I agree a "lot of work is going into it" but I also think the approaches are narrow and still benchmark chasing. I saw as well was given the aforementioned responses at workshops on world modeling (as well as a few presenters who gave very different and more complex answers or "it's the best we got right now", but nether seemed to confident in claiming "world model" either).But I'm a bit surprised that as a mathematician you think these systems create world models. While I see some generalization, this is also impossible for me to distinguish from memorization. We're processing more data than can be scrutinized. We seem to also frequently uncover major limitations to our de-duplication processes[0]. We are definitely abusing the terms "Out of Distribution" and "Zero shot". Like I don't know how any person working with a proprietary LLM (or large model) that they don't own, can make a claim of "zero shot" or even "few shot" capabilities. We're publishing papers left and right, yet it's absurd to claim {zero,few}-shot when we don't have access to the learning distribution. We've merged these terms with biased sampling. Was the data not in training or is it just a low likelihood region of the model? They're indistinguishable without access to the original distribution.

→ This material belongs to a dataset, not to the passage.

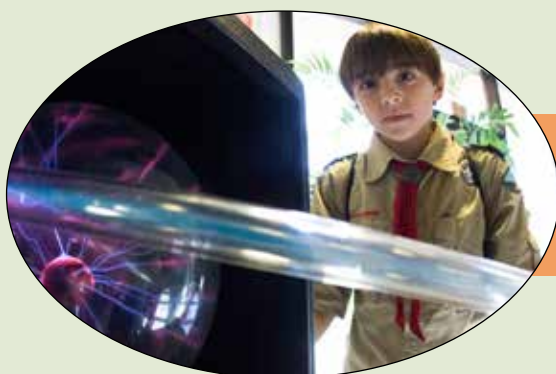
A Boy Scout is fascinated by a demonstration of a fluorescent bulb being lit by a plasma ball in the LSB lobby during the STEM Merit Badge Fair on Oct. 26.
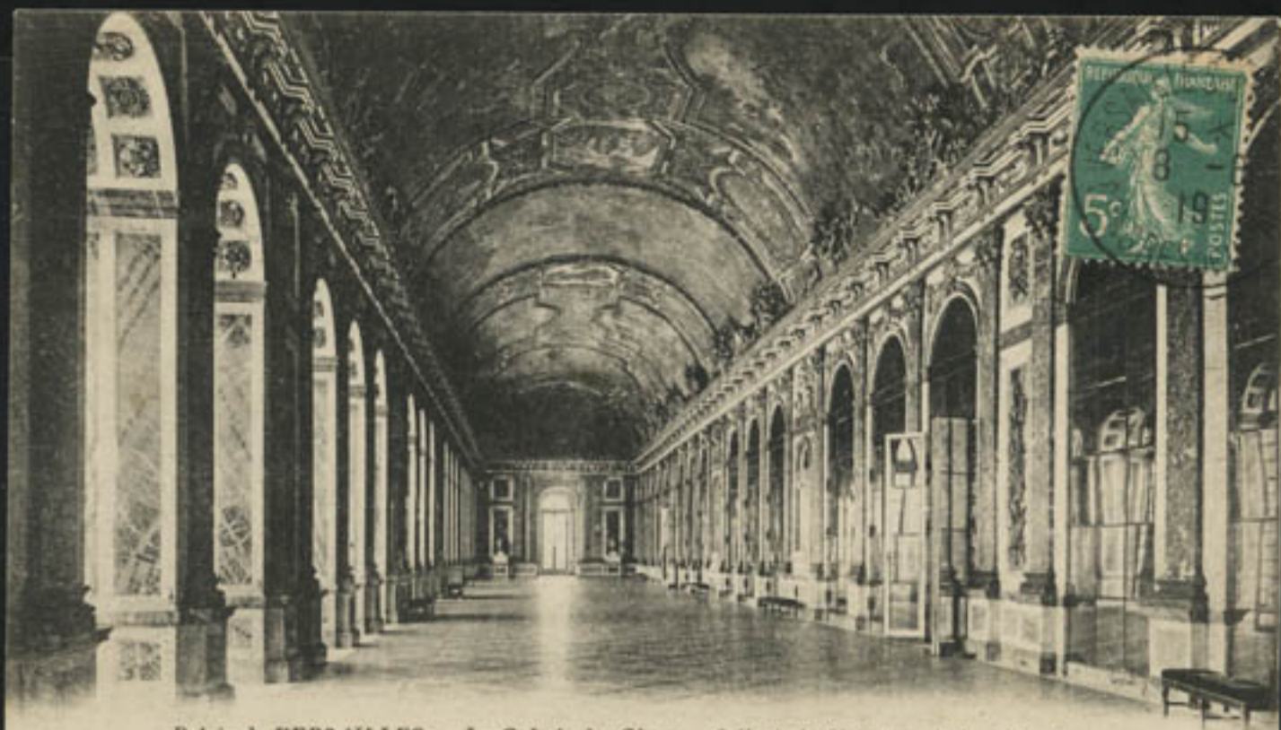
Palais de VERSAILLES. - La Galerie des Glaces - Salle de la Signature de la Paix de 1919 Palace of Versailles - Mirrors' Gallery - The Room where the Peace was signed in 1919

Idk, I think our scaling is just making the problem harder to evaluate. I don't want to stop that camp because they are clearly producing things of value, but I do also want that camp to not make claims beyond their evidence. It just makes the discussion more convoluted. I mean the argument would be different if we were discussing small and closed worlds, but we're not. The claims are we've created world models yet many of them are not self-consistent. Certainly that is a requirement. I admit we're making progress, but the claims were made years ago. Take GameNGen[1] or Diamond Diffusion. Neither were the first and neither were self-consistent. Though both are also impressive.
[0] as an example: https://arxiv.org/abs/2303.09540
hodgehog11
9 hours ago
Apologies if I ramble a bit here, this was typed in a bit of a hurry. Hopefully I answer some of your points.
First, regarding robotresearcher and simondota's comments, I am largely in agreement with what they say here. The "toaster" argument is a variant of the Chinese Room argument, and there is a standard rebuttal here. The toaster does not act independently of the human so it is not a closed system. The system as a whole, which includes the human, does understand toast. To me, this is different from the other examples you mention because the machine was not given a list of explicit instructions. (I'm no philosopher though so others can do a better job of explaining this). I don't feel that this is an argument for why LLMs "understand", but rather why the concept of "understanding" is irrelevant without an appropriate definition and context. Since we can't even agree on what constitutes understanding, it isn't productive to frame things in those terms. I guess that's where my maths background comes in, as I dislike the ambiguity of it all.
My "mostly junior" comment is partially in jest, but mostly comes from the fact that LLM and diffusion model research is a popular stream for moving into big tech. There are plenty of senior people in these fields too, but many reviewers in those fields are junior.
> I've also seen members of audiences to talks where people ask questions like mine ("are benchmarks sufficient to make such claims?") with responses of "we just care that it works."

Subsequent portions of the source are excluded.